2.2. Grant of License . Subject to the terms and conditions of this Agreement, during the term of this Agreement CareAdvantage grants Kaiser the non-exclusive right to access and use CareAdvantage’s Portal. CareAdvantage will provide Kaiser with accounts accessible solely by password for fifteen (15) concurrent users. Kaiser may purchase licenses for additional concurrent users for an additional annual fee of $* per additional concurrent user.

 

2.3. Portal Access . Kaiser shall be responsible for obtaining the requisite common carrier communication lines and Internet connections to access the Portal.

 

2.4. Security . CareAdvantage requires and enforces 128 bit encryption for web access to the Portal.
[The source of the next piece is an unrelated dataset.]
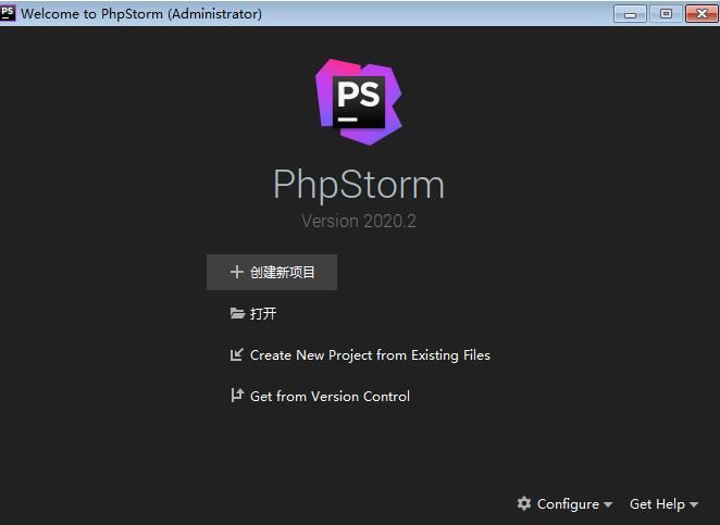 4、因为该版本是集破解补丁与一体的便携版,到这一步就能直接使用了,但这时会发现主界面是全英文的,那么phpstorm2020.2怎么设置中文语言呢?

CareAdvantage will limit access to the Kaiser Data maintained at the Portal to those persons authorized by Kaiser and provided a password by Kaiser. Kaiser shall be responsible for the confidentiality of passwords assigned to it and shall be solely responsible for any authorized or unauthorized access to Kaiser Data using such passwords. In addition, Kaiser shall be responsible for the configuration and maintenance of the web browser software. CareAdvantage represents and warrants that its responses to Kaiser’s ASP Screening Questionnaire, transmitted via e-mail to Faith A. Long by Joshua Stein on September 10, 2004 at 9:38 a.m. are true and correct, and that CareAdvantage complies with the Standard for Security for Protected Health Information, codified at 45 CFR parts 160 and 164, subpart C. Within one (1) hour of discovering any security breach of the Portal or the Kaiser Data, CareAdvantage will notify Kaiser of the breach, its scope and CareAdvantage’s plan for remediation.

 

2.5. Ownership . Kaiser acknowledges that CareAdvantage represents that the Portal contains materials (including but not limited to programs, methods, design and screen formats) proprietary to CareAdvantage and/or to third parties (“Third Party Suppliers”) and licensed to CareAdvantage (collectively, “CareAdvantage Materials”). CareAdvantage and Third Party Suppliers retain title and ownership to the CareAdvantage Materials; provided, however, that in no event shall CareAdvantage Materials be deemed to include Kaiser Data, which shall remain the sole property of Kaiser.

 


*

Portions of this page have been omitted pursuant to Confidential Treatment request and filed separately with the Commission.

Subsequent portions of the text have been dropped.